Urkhot had simply commented that, indeed, the human data could not be trusted, and therefore, speculation that this was a logical place for the humans to establish a stronger defensive line was indeed unwarranted. Sarhan acceded without comment—and then mentioned that he had urgent business back aboard his flagship. Receiving permission to leave, he had departed to attend that urgent business. What he did not add was that this business primarily involved preventing himself from throttling Urkhot with both clusters. Sarhan had little patience for the
holodah’kri
and had asked Narrok to structure the meeting so that he could excuse himself promptly: if not, he feared his true sentiments would bleed into his
selnarm
and thereby create greater problems for the Fleet. Narrok had gladly acceded to Sarhan’s request to make an early departure.
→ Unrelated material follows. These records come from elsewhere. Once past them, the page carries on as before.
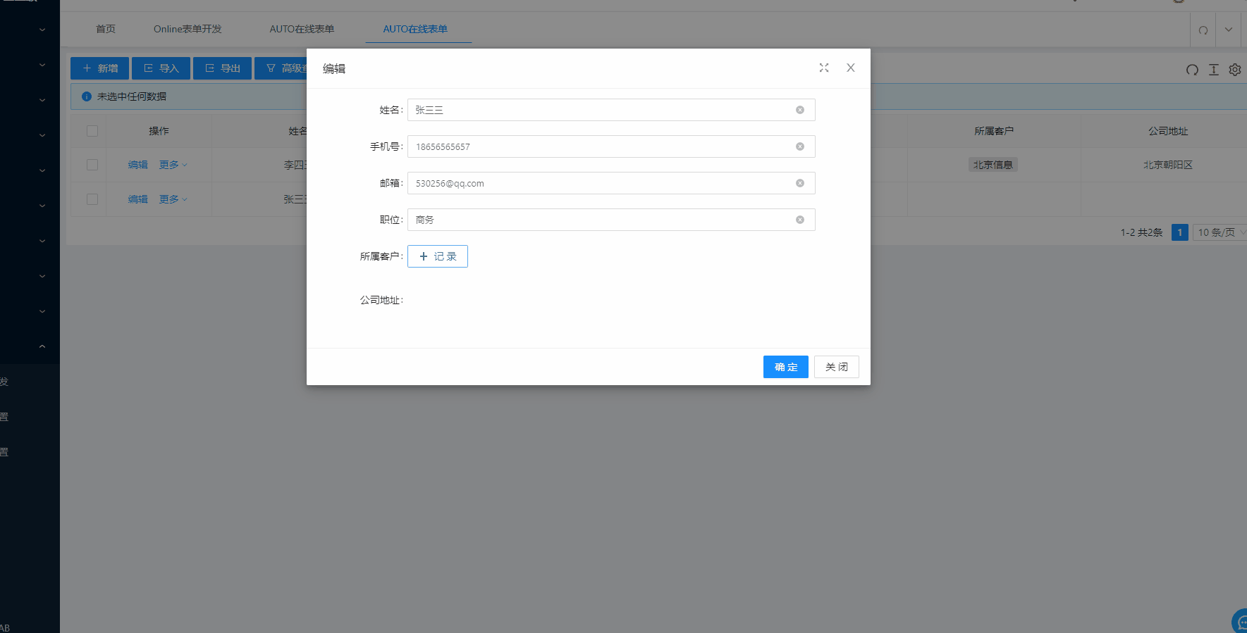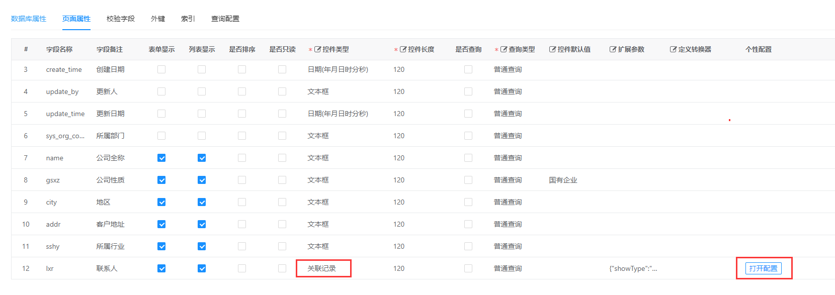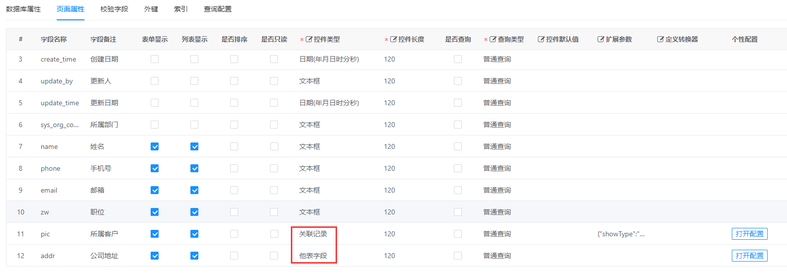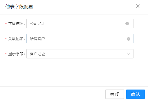 新增字段“所属客户”、“公司地址”后,在“页面属性”-“控件类型”中分别选择为“关联记录”、“他表字段”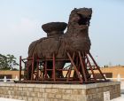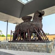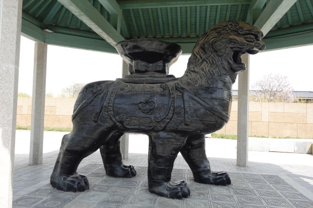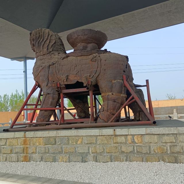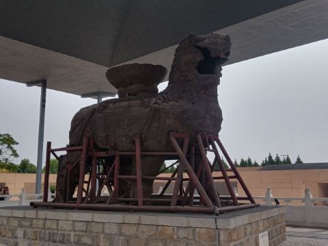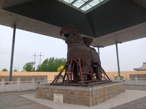 沧州铁狮与旧城遗址公园位于沧县东南部,民间称之为“镇海吼”,铸于五代后周年间,距今已有一千多年的历史。铁狮相传为遏海啸水患而造,是我国现存年代较为久远、形体较大的铸铁狮子。铁狮身高5.78米,长5.34米,宽3.17米,背负巨盆相传是文殊菩萨莲坐,狮身向南,头向西南,两左脚在前,两右脚在后,呈前进状,姿态雄伟,昂首阔步,栩栩如生。1957年由主管部门予以补项补趾,并修池建亭,周围还设有铁栏,建亭后由于铁狮见不到阳光,氧化较快,于1972年将亭拆除。如今来到景区,除了可以观看巍峨古老的铁狮外,旁边还建有一处钱币博物馆,可以一并参观。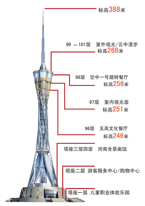 它位于郑州市航海东路1206号,建筑面积5.8万平方米,建筑高度388米,是河南省“十一五”规划的重点文化建设项目、河南省文化产业的标志性建筑。是集广播电视信号发射、旅游观光、餐饮购物、文化娱乐、名胜展示、会议庆典等多功能于一体的大型现代化旅游景点。公司项目是建设出高档的周边配套设施。我等得天时地利人和,才有幸赶早一睹其风采。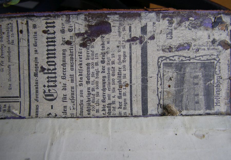 Da ist die Rückeneinlage,sie ist viel jünger als der erste Einband.Der damalige Restaurator hat eine aktuelle Zeitung von 19 ...hundert genommen.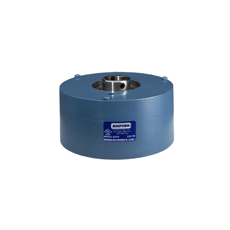 MAGPOWR B-7V and B-20V Vertical Magnetic Particle BrakesRead MoreUnlike other magnetic particle brakes, a horizontal axis is not required for shafts utilizing MAGPOWR’s B-7V & B-20V Vertical Magnetic Particle Brakes, thanks in particular to the unit’s disk-shaped rotor. Other brakes sport cylindrical designs, requiring a horizontal shaft axis. The B-7V & B-20V operate with the axis vertical, horizontal, or at any other required angle—the space between the rotor and the two sides is filled with magnetic particles, so the unit can be operated in any orientation. MAGPOWR’s B-7V & B-20V Vertical Magnetic Particle brakes, made of rugged cast iron for long life, are easy to install and have minimal moving parts, requiring very little installation and calibration. These brakes assist in smooth, repeatable torque that is proportional to current, and applications include tensioning of film rolls on vertical shafts, packaging machines and machine tools.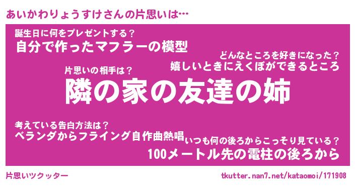| 男性向けラノベタイトル風あだ名 | 『あいかわりょうすけの憂鬱』 |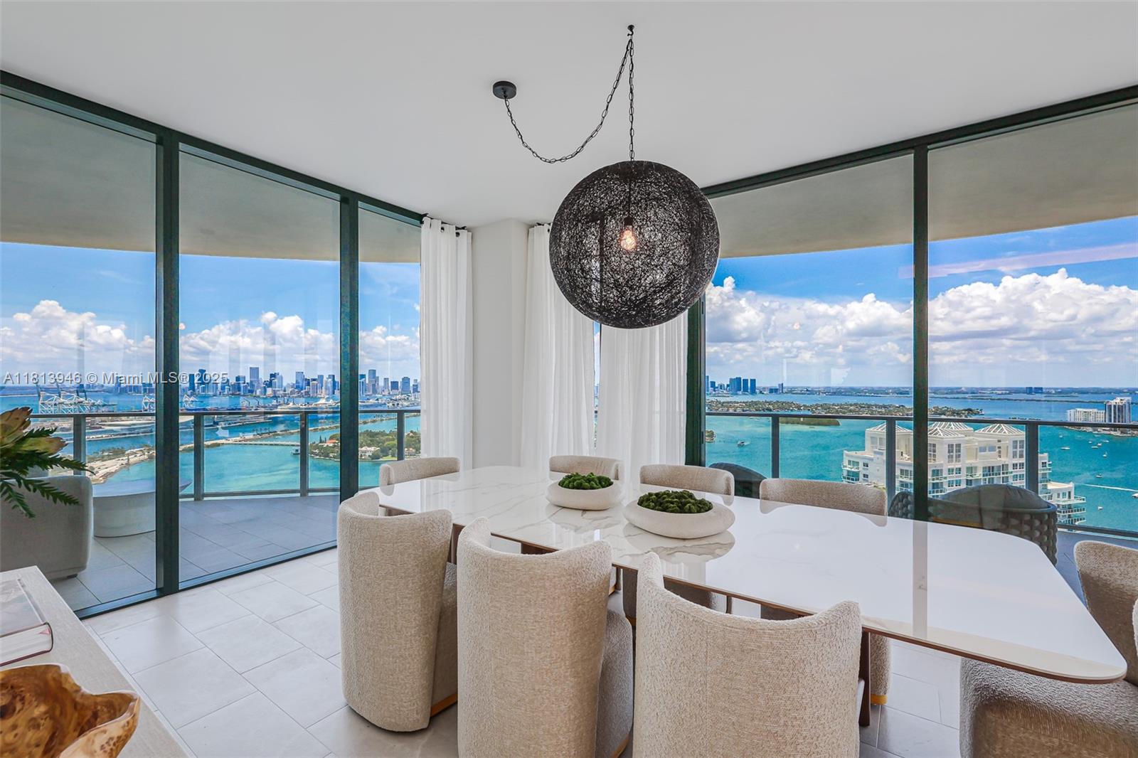 This unit features top-of-the-line custom doors, premium closet cabinetry, and a tastefully enclosed den — perfect as an office or guest room. Enjoy breathtaking views of the ocean, bay, and full Miami skyline from every room. Includes two side-by-side assigned parking spots plus one valet.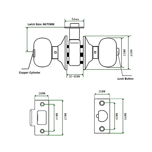 -. Brand : QRITY -. Color : Copper/Stainless-Steel -. EAN : 0889743372380 -. Feature : Entrance (Key Locking) Door Knob in Satin Stainless Steel. / Easy to install, the adjustable latch can be set to 60mm or 70mm backset. To fit doors 35mm to 50mm thick. / Lock both the inside and outside knobs preventing unwanted access to the room. It also includes a set of three keys that allow locking from the outside. / Suitable for use on bedroom doors or any other internal doors where P.R.Ivacy is required. / Please note that the door hole must be less than 60mm. -. Label : QRITY -. Manufacturer : QRITY -. MPN : DL0-U-01 -. PartNumber : DL0-U-01 -. ProductGroup : Home Improvement -. ProductTypeName : HARDWARE -. Publisher : QRITY -. Studio : QRITY -. Title : Stainless Steel Entracne Passage Door Handle Lock Knobs Lockset - Key Locking - Copper Lock Core - Latch Size 60/70mm -. UPC : 889743372380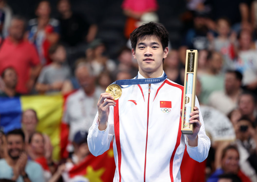 ↑中國(guó)選手潘展樂(lè)在頒獎(jiǎng)儀式上。新華社記者 杜宇 攝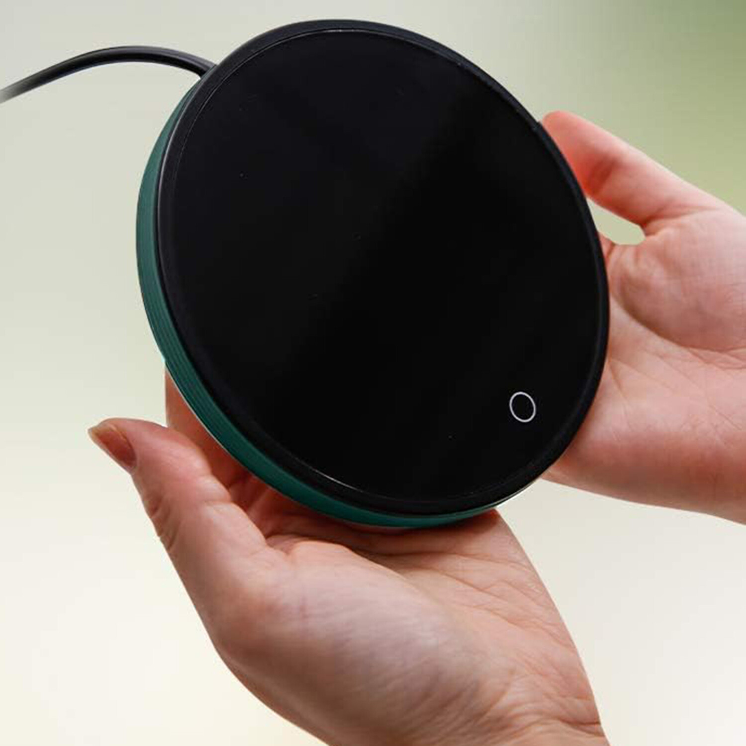 This sleek coffee cup warmer for your desk ensures your coffee stays warm all morning long. It's an 18-watt mug heater that maintains your drink at a delightful temperature of up to 140°F, perfect for any beverage. You can use it on various surfaces like your desk, night table, kitchen island, or living room side table, and it won't slide around. It's easy to use; just plug it in, turn it on, and place your mug on top.
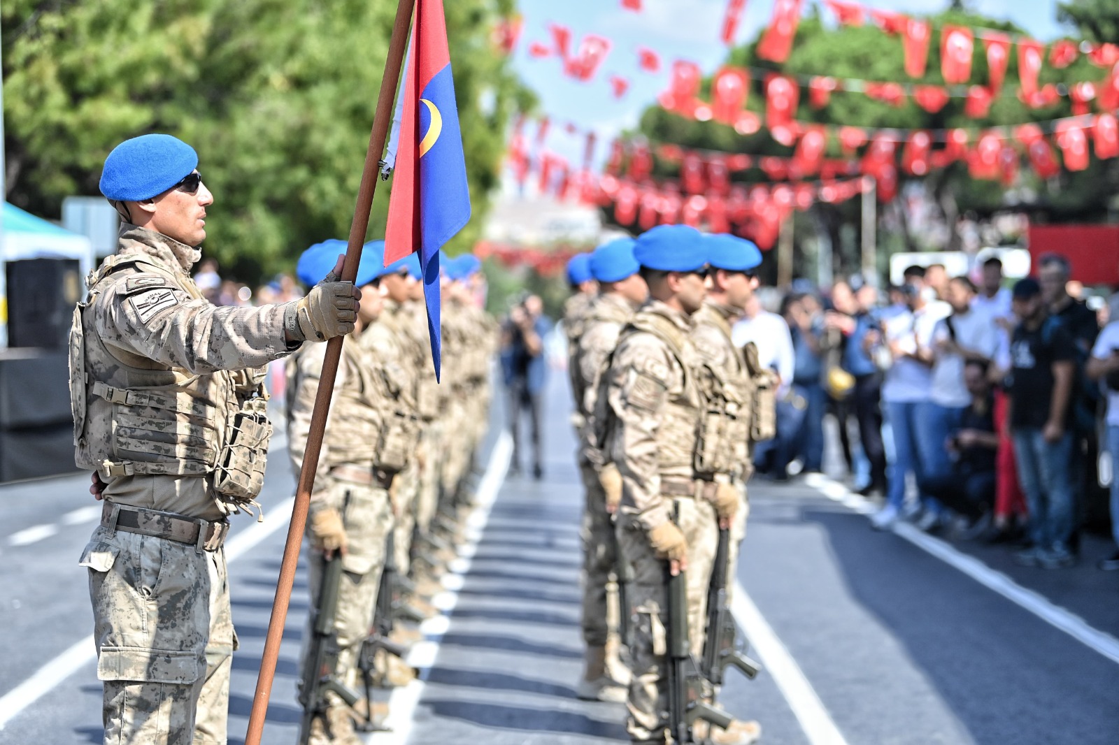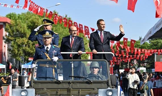 30 Ağustos Zafer Bayramı’nın 102. yıl dönümü kapsamında Kuvayı Milliye Meydanı’ndaki kutlama programı geçit töreniyle başladı. Geçit töreninde Vali İsmail Ustaoğlu, Hava Kuvvetleri Lojistik Başkanı Tümgeneral Hüseyin Duman ve Balıkesir Büyükşehir Belediye Başkanı Ahmet Akın vatandaşları selamlayarak 30 Ağustos Zafer Bayramı’nı kutladılar. Daha sonra askeri bando eşliğinde saygı duruşunda bulunulmasının ardından İstiklal Marşı okundu. Günün anlam ve önemine ilişkin konuşmayı yapan Hava Pilot Kurmay Albay Timur Geceoğlu’nun ardından Gençlik Merkezi’nin gönüllü gençleri, 30 Ağustos Zafer Bayramı ile ilgili şiirler okudu. Halk oyunları gösterilerinin sunulurken tören, askeri birliklerin geçişi ile son buldu.

And so now it was just Mretlak and Narrok, sitting across the table from Urkhot and Torhok. And as Urkhot sent forth his
selnarm
toward Mretlak in what was more a probe than an invitation to discourse, the young Fleet Second reflected that this meeting was beginning to resemble a perverse reversal of the duels that were recorded in the annals of Pre-Enlightenment Ardu. There, rival leaders at an impasse often met to decide policy by personal combat; here, although the real combatants were Narrok and Torhok, they were sending their junior proxies into the
maatkah
ring, while they themselves retained a politic distance from the well-concealed war of words and insinuations.

Urkhot’s probe rose and coalesced into a question. “Fleet Second Mretlak, I am told that you have prepared an intelligence report upon the
griarfeksh
?”

“Yes,
Holodah’kri
.”

“Interesting. Why did you and the admiral conclude that the extensive records on Bellerophon have not provided us with a definitive understanding of the background and intents of our foe? This project of yours seems a strange way for a warrior to spend time, Fleet Second—compiling studies on other species. Are you perhaps a
shaxzhu
in disguise Mretlak?”

The jest elicited a ripple of general mirth that was in fact unanimous agreement to ignore the veiled remonstration, and even more veiled threat, of calling a
Destoshaz
a
shaxzhu
. Mretlak elected to pretend he had noticed none of the implications. “Honored
Holodah’kri
, we felt it wise to compare what we have now found on other worlds—and human-fleet wreckage—with the materials found on Bellerophon. There was, after all, some considerable concern that much of what the humans left on Bellerophon was disinformation.”